The Tree-Based Parzen Estimators (TPE) algorithm is a popular approach for optimizing hyperparameters in machine learning models. The methodology employed involves the utilization of both tree-based structures and Bayesian optimization to effectively navigate the hyperparameter search space. The TPE method adjusts the trade-off between exploration and exploitation through the use of an objective function model and a process of iteratively sampling favorable areas within the hyperparameter space. The algorithm in question has gained significant popularity for the purpose of optimizing the performance of models and enhancing the generalization abilities of machine learning models.

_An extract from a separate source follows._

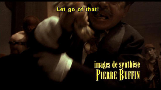 Little thief! Stealing money from orphans. I'll teach you! effets speciaux numeriques: PITOF Let go of that! images de synthese: PIERRE BUFFIN

Data of drug solubility and solvent density
The dataset provided in this study contains values for temperature (T), pressure (P), solubility of raloxifene (y), and CO2 density. The dataset is sourced from9, and listed in Table 1. Figures 1 and 2 are scatter plots for the solubility of raloxifene and density for solvent at supercritical state. The x-axis indicates temperature (K), the y-axis represents pressure (bar), and the color of the markers represents the respective property (solubility or CO2 density). The dataset has been also used by Aldawsari et al.7 who developed ML models for correlation of raloxifene solubility in supercritical CO2.
Methodology
Tree-based Parzen estimators (TPE)
This algorithm is a robust optimization technique that is specifically designed to effectively explore the intricate and multi-dimensional hyperparameter space. Its intelligence and efficacy make it a valuable tool for optimization purposes. The paper proposes the use of kernel density estimation and a sequential model-based approach in TPE to effectively explore the search space for optimal hyperparameter configurations. The technique of Tree-structured Parzen Estimator (TPE) is a valuable tool for hyperparameter tuning in various academic and practical applications. It achieves this by dynamically adjusting the exploration and exploitation trade-off, thereby focusing on promising regions10,11.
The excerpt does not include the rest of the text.